Unlike the leverage-fueled dot-com bubble, the current AI build-out is funded by the massive cash reserves of big tech companies. This fundamental difference in financing suggests a more stable, albeit still frenzied, growth cycle with lower P/E ratios.

Harvey, an AI startup for the legal industry, exemplifies the hyper-growth funding environment for top-tier AI companies. The company raised capital three times in less than a year, with its valuation climbing from $3 billion (Sequoia) to $5 billion (Kleiner Perkins) and finally to $8 billion (a16z).

Vincap International's CIO argues the AI market isn't a classic bubble. Unlike previous tech cycles, the installation phase (building infrastructure) is happening concurrently with the deployment phase (mass user adoption). This unique paradigm shift is driving real revenue and growth that supports high valuations.

The startup landscape now operates under two different sets of rules. Non-AI companies face intense scrutiny on traditional business fundamentals like profitability.

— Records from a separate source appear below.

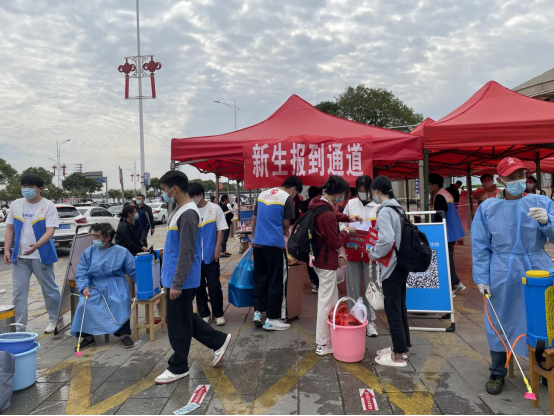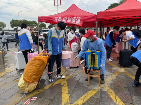 新生返校期间,学院党委书记、院长曹端荣,副院长王义林、詹绍成亲临现场指导新生返校工作。工作人员按照疫情防控要求,规范流程,设置行李消杀区、身份核验区、体温检测区、更换口罩区、健康联合码检查区。校卫队引导送新生的车辆在指定区域卸运行李,再指引新生前往报到通道。志愿者落实“一扫一测三查验”工作,督促返校新生在身份核验区保持安全距离,在更换口罩区洗手消毒,更换口罩,有序入校。
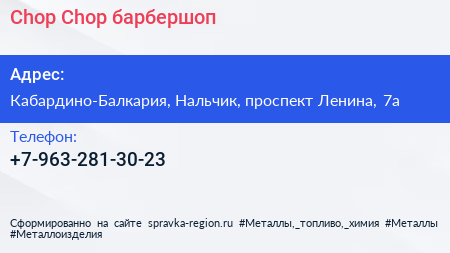 Chop-Chop, барбершоп по адресу Кабардино-Балкария, Нальчик, проспект Ленина, 7а в дальнейшем Организация, размещена в следующих категориях:
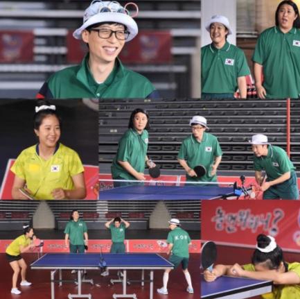 유재석은 고난도 ‘스카이 서브’를 시도하며 ‘유탁구’로 변신하는 듯 보였지만 이내 다른 사람의 공까지 쳐 내며 ‘탁구 구멍(?)’에 등극해 현장을 폭소케 만들었다.
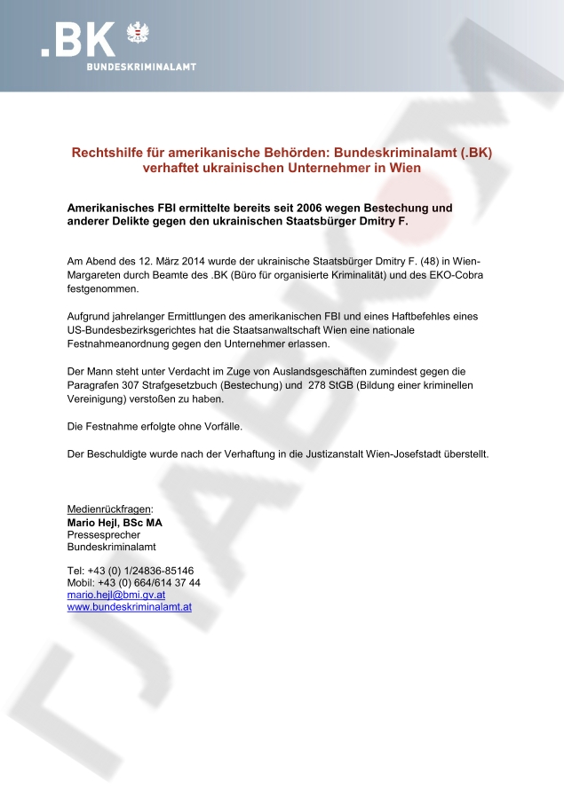 Вместе с тем, в сообщении, которое распространило, австрийская криминальная полиция, отмечается, что мужчина был задержан по подозрению в причастности к созданию организованной преступной группы и подкупе. Задержание прошло без инцидентов. После ареста подозреваемый был направлен в тюрьму Вены.

In contrast, AI companies exist in a parallel reality of 'irrational exuberance,' where compelling narratives justify sky-high valuations.

For a proven, hyper-growth AI company, traditional business risks (market, operational, tech) are minimal. The sole risk for a late-stage investor is overpaying for several years of future growth that may decelerate faster than anticipated.

Contrary to common belief, the earliest AI startups often command higher relative valuations than established growth-stage AI companies, whose revenue multiples are becoming more rational and comparable to public market comps.

The CEO of Numeral notes that in the current fundraising climate, startups must heavily feature AI in their pitch to secure investor meetings. Furthermore, landing a major AI lab as a customer has become a key signal for VCs, leading to valuation multiples as high as 100-200x revenue for some companies.

Unlike the dot-com era funded by high-risk venture capital, the current AI boom is financed by deep-pocketed, profitable hyperscalers. Their low cost of capital and ability to absorb missteps make this cycle more tolerant of setbacks, potentially prolonging the investment phase before a shakeout.

The traditional SaaS growth metric for top companies—reaching $1M, $3M, then $10M in annual recurring revenue—is outdated. For today's top-decile AI-native startups, the new expectation is an accelerated path of $1M, $10M, then $50M, reflecting the dramatically faster adoption cycles and larger market opportunities.